Supplied material:
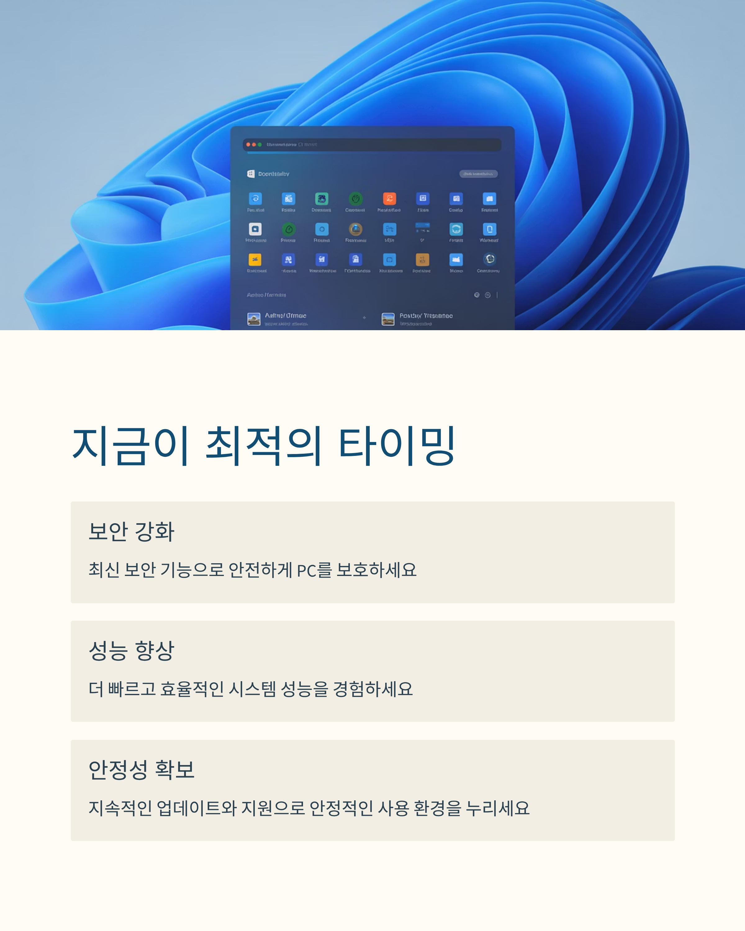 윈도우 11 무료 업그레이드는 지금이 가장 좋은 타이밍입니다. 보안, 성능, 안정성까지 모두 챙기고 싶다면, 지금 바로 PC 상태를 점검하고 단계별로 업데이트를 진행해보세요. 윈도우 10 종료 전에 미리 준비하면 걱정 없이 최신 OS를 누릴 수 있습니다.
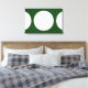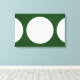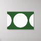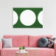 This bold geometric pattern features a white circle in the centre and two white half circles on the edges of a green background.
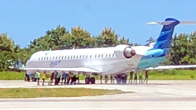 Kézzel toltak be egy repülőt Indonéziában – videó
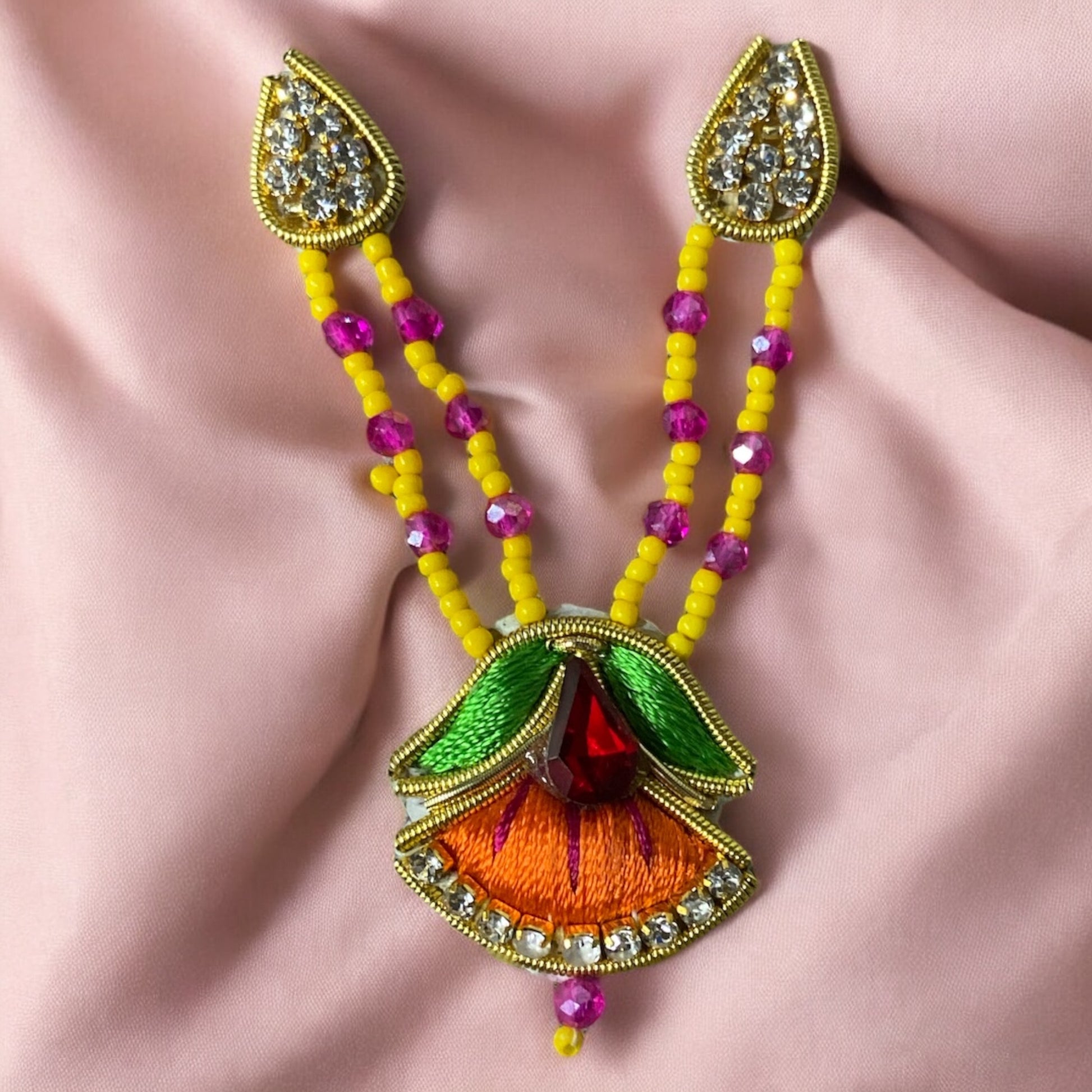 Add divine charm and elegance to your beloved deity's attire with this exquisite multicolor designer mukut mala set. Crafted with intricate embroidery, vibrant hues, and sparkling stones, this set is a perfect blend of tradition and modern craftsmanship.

Directions for this task: Your answer must be an exact copy of the lines from the line with "Kézzel toltak be" to the final line of the data, both ends included, and no pictures.

Answer area:
 Kézzel toltak be egy repülőt Indonéziában – videó
 Add divine charm and elegance to your beloved deity's attire with this exquisite multicolor designer mukut mala set. Crafted with intricate embroidery, vibrant hues, and sparkling stones, this set is a perfect blend of tradition and modern craftsmanship.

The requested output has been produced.